I suspect it’s necessary also for the man himself to learn how to be free, to be healed and whole, in the midst of a community that’s used to assuming he is broken and doesn’t belong – another process with lots of steps backward, forward, and around.
These days, you and I and the world we live in mostly don’t experience the forces of disruptive evil, the things that corrode and break our humanity, as “demons”. As external spirits that can be uprooted from within us, negotiate with God, and supernaturally seize livestock.
Those forces of corrosive evil, the dehumanizing and destructive tides of the world around us, still work to “possess” people; to keep us captive in inner torment, to isolate us, to create unconscious barriers to seeing our neighbors or strangers as beloved siblings in our human family.
And the miracles and transformations which heal us – which bring liberation and wholeness and reunion and the recognition of the face of God in the eyes of a stranger – are still disruptive.
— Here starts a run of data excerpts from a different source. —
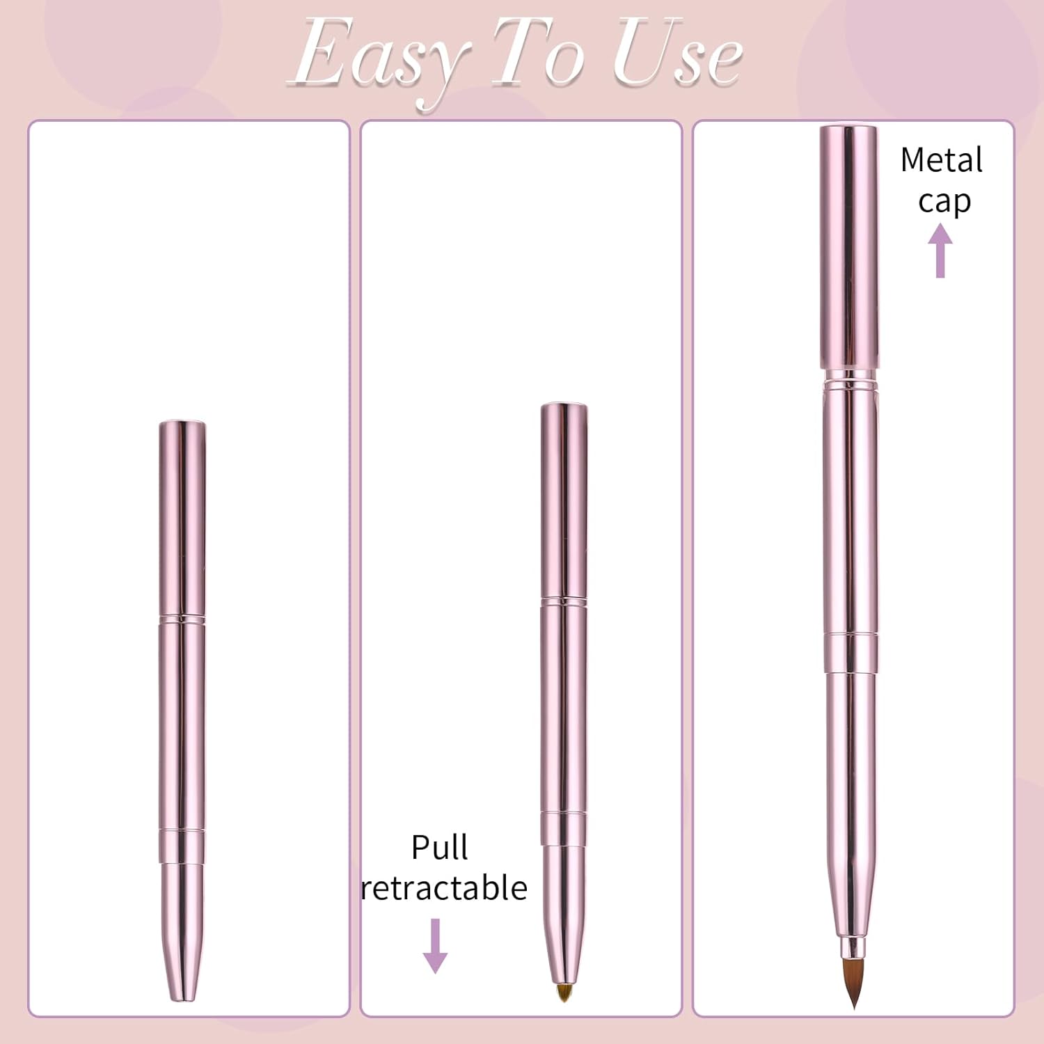 - QUALITY MATERIAL - Our retractable lipstick brush is made of quality bristles with soft and smooth touch. The metal handle is lightweight and not easy to deform.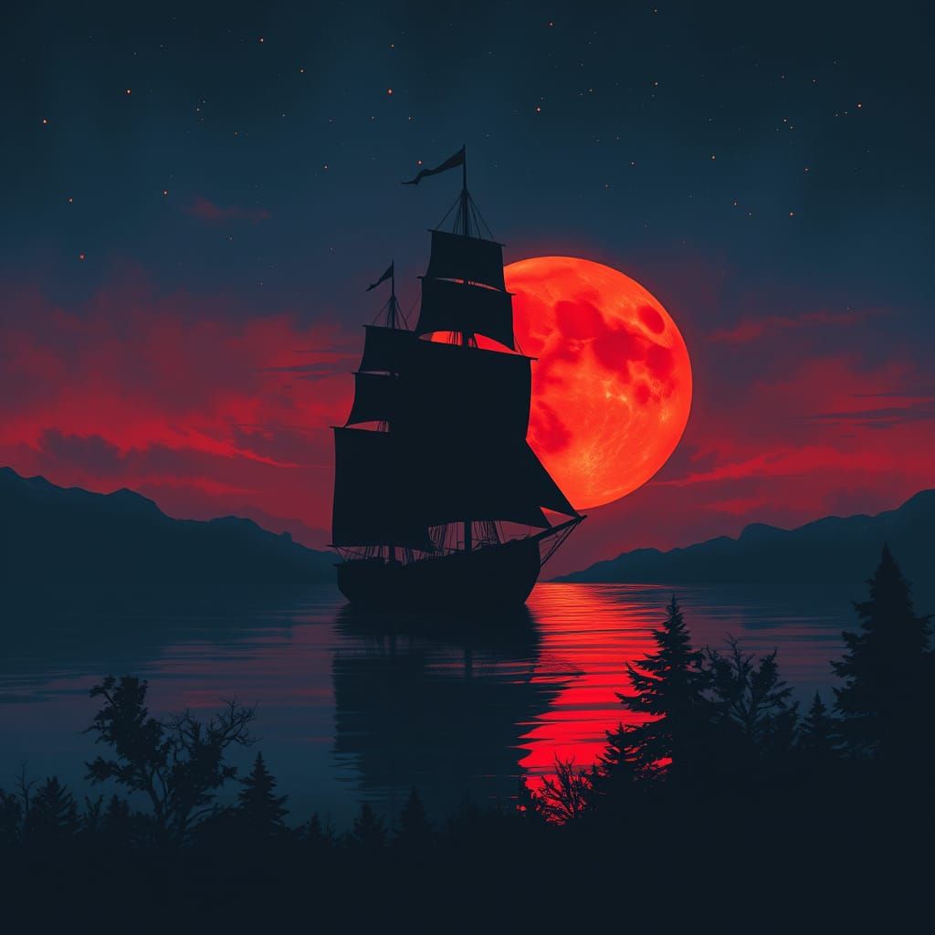 A striking picture of a silhouetted ship sailing under a blood-red moon. Reflected fiery hues and shadowy trees create a dreamlike, eerie atmosphere in a semi-realistic style.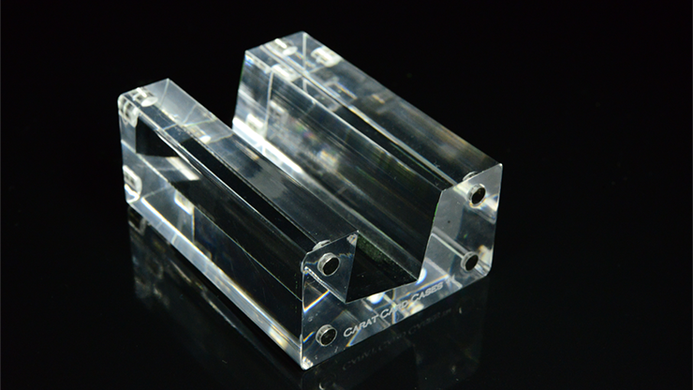 The Carat XDD is made of a solid piece of 3cm thick acrylic with dimensions 6.9cm x 5.0cm x 3.0cm and has a slanted groove 20cm wide to allow for most decks to sit comfortably in it. On each side, there are four neodymium magnets to allow for multiple displays to be connected seamlessly side-by-side. It comes with rubber pads that can be adhered on the bottom to prevent sliding on as well as scratching of surfaces.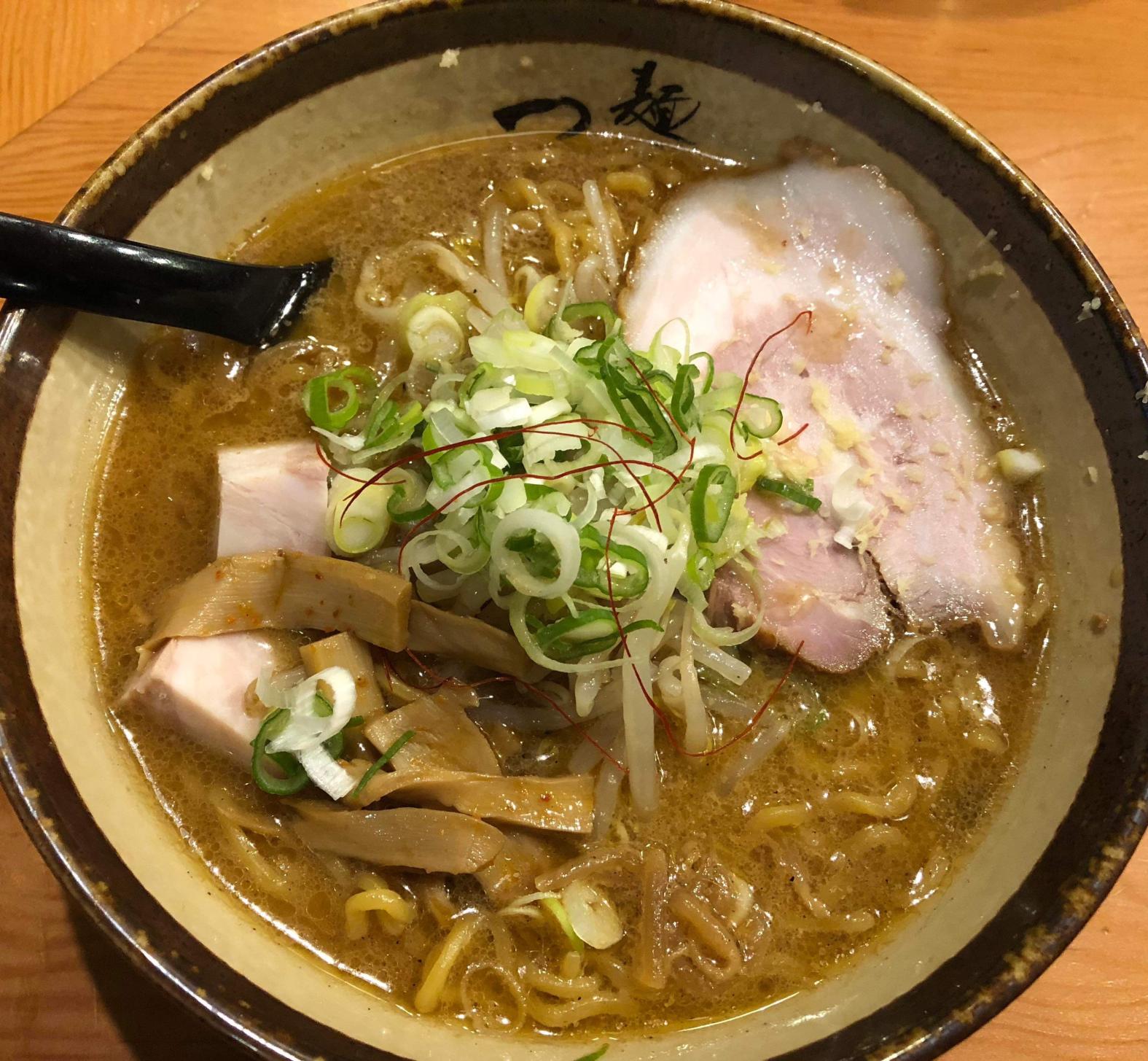 本店は行列が絶えない人気店で、『ミシュランガイド富山・石川(金沢)2016特別版』にも掲載。店主は札幌の名店「すみれ」で約10年修行。「すみれ」の店主が正式に弟子と認めた12名の「すみれオールスターズ」の一員。看板メニューの「味噌ラーメン」は、熱々の濃い味噌スープに中太縮れ麺が絡む「すみれ」直伝の逸品です。
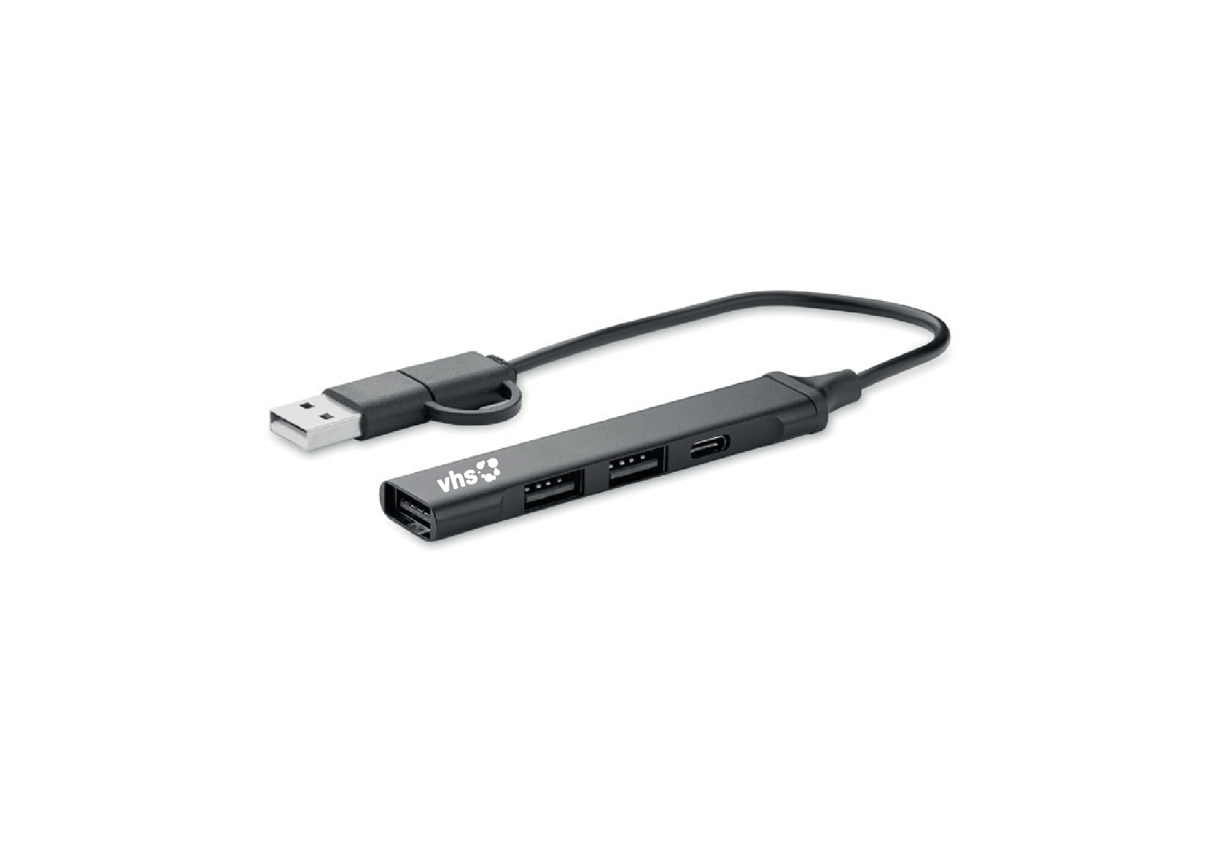 4 Port USB-Hub aus recyceltem Aluminium. 3 USB-A + 1 Typ-C. Eingang: 2-in-1 Typ-C & Typ-A. Kabellänge: 19 cm. Inkl. vhs Logodruck.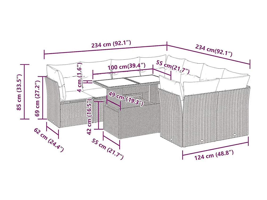 Set de sofás de jardín con cojines 9 pzas ratán sintético gris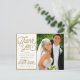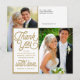 Ett icke-traditionellt tack-fotokort med modern men retro-font. Matchar Rädda Datumet och Rädda Vårt Datum med samma typsnitt, färger och utseende. Ersätt med dina foton, meddelande och namn (eller använd det medföljande exemplet). Vit bakgrund med guldbård.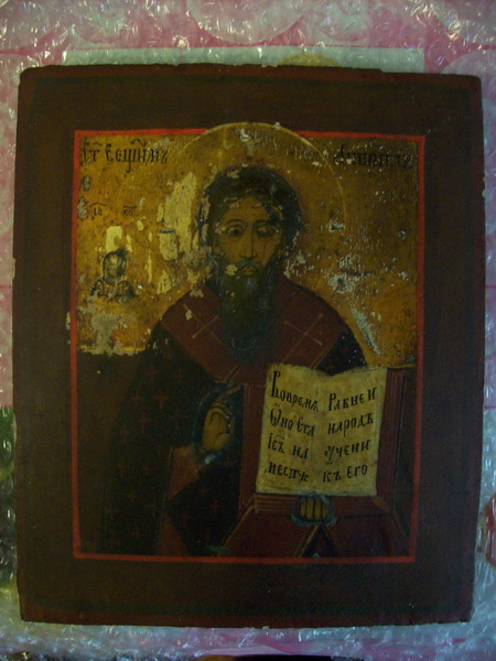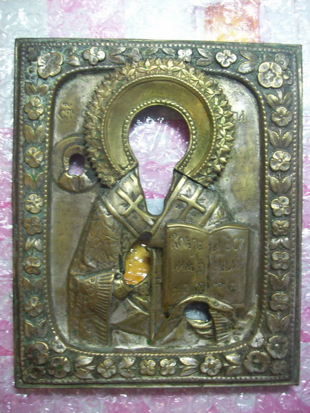 3.Св. Мч. Антипа. Размер 18см-14,5см. Прямая, оклад латунь с остатками серебрения, клейм нет.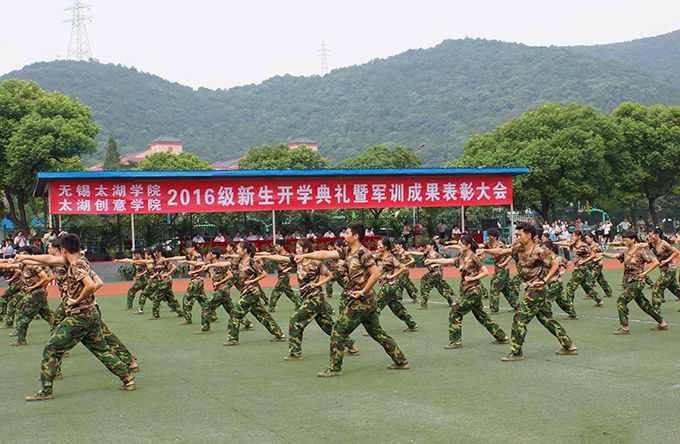 在庄严的国歌中,2016级新生开学典礼暨军训成果表彰大会拉开帷幕。接受检阅的5000多名新生以整齐的队形排列在会场中央,副校长何宏金,校长助理、太湖创意学院院长陈鹏飞检阅军训队伍,对全体新生致以亲切的问候。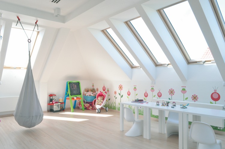 One if the most popular attic conversion ideas is to transform the unused space into a bedroom or playroom for the children. An attic nursery always looks cozy and atmospheric, because the sloping ceilings give freedom to creativity. In such a room it is always bright, fresh and spacious thanks to the roof windows.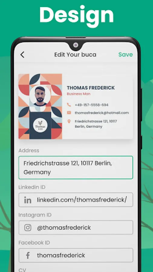 Are you looking for a customized business card to help you connect it with other professionals? Our online visiting card generator and card builder software is intended to assist you in creating personalized business cards so that you can get yourself known in the business world. With the help of a range of professional business card-themed, digital card templates and easy customization options, this app enables you to create your unique professional identity. What's even more exciting is that you can share your customized buca with other buca users, make new connections, expand your contacts, and communicate with these individuals via message, phone calls, and video calls!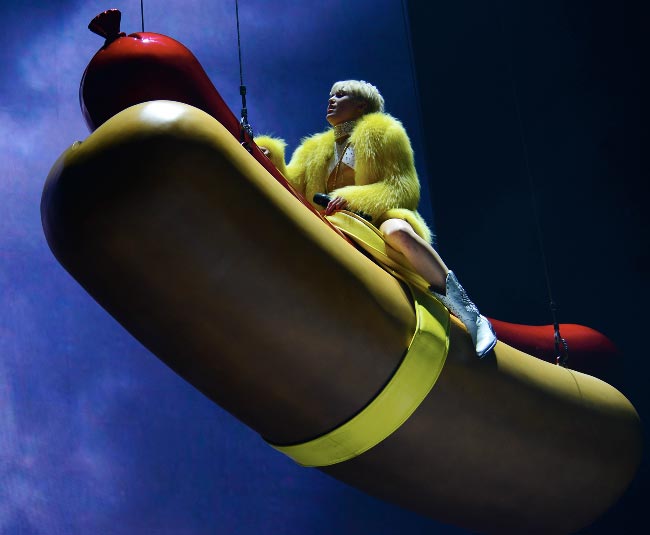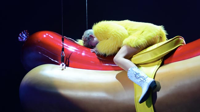 Cyrusin eilisiltainen Bangerz Tour -kiertueen avauskonsertti Kanadan Vancouverissa lunasti odotukset, sillä laulaja esiintyi paljastavissa asuissa ja muun muassa lensi ilmassa provokatiivisesti valtava hotdog jalkojensa välissä.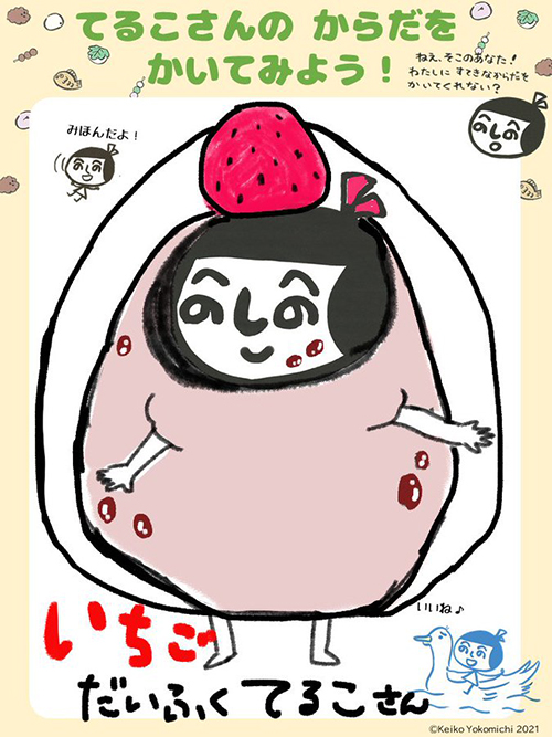 いちごだいふくのなかに、すっぽりくるまれてる てるこさんが、キュートでかわいいですね。 着ぐるみにできそう! おおきいいちごも、ほっぺのあんこも、つやつやでおいしそうです。

Still tend to make us uncomfortable and anxious.
The experience of sudden relief and release can do that just as much as any experience of loss.
I would still like to be able to wave a magic wand, and get us all the way to our rebalanced, whole, free and holy selves in the same moment as healing begins. To skip all of the adjustment to liberation, all of the missteps and detours of reconciling relationships, of repairing the holes in ourselves, and supporting the healing of others. To go all the way immediately to the happily ever after we haven’t gotten to yet.
But one lesson of the Day the Pigs Drowned,
one lesson of Juneteenth,
is that “all at once” never really happens.
Not even with the miracles of God.
That when we are set free, when we witness others set free, we will need to keep alive that uncomfortable but hope-filled moment for all the long days of change – backward and forward and around – that lead to a whole, healthy, sustained freedom.
We need to tell our stories; to wake up day-by-day and remember; to continually integrate salvation, healing, liberation into who we are – as a community, as individuals.
We need to keep remembering, and responding, to those moments that mark a transformation still unfolding.
So mark your calendars – not just last Thursday, not just this Sunday – but mark your calendars every day, to remember and respond to God’s constant work among us, making us step-by-step holy, and whole, and free.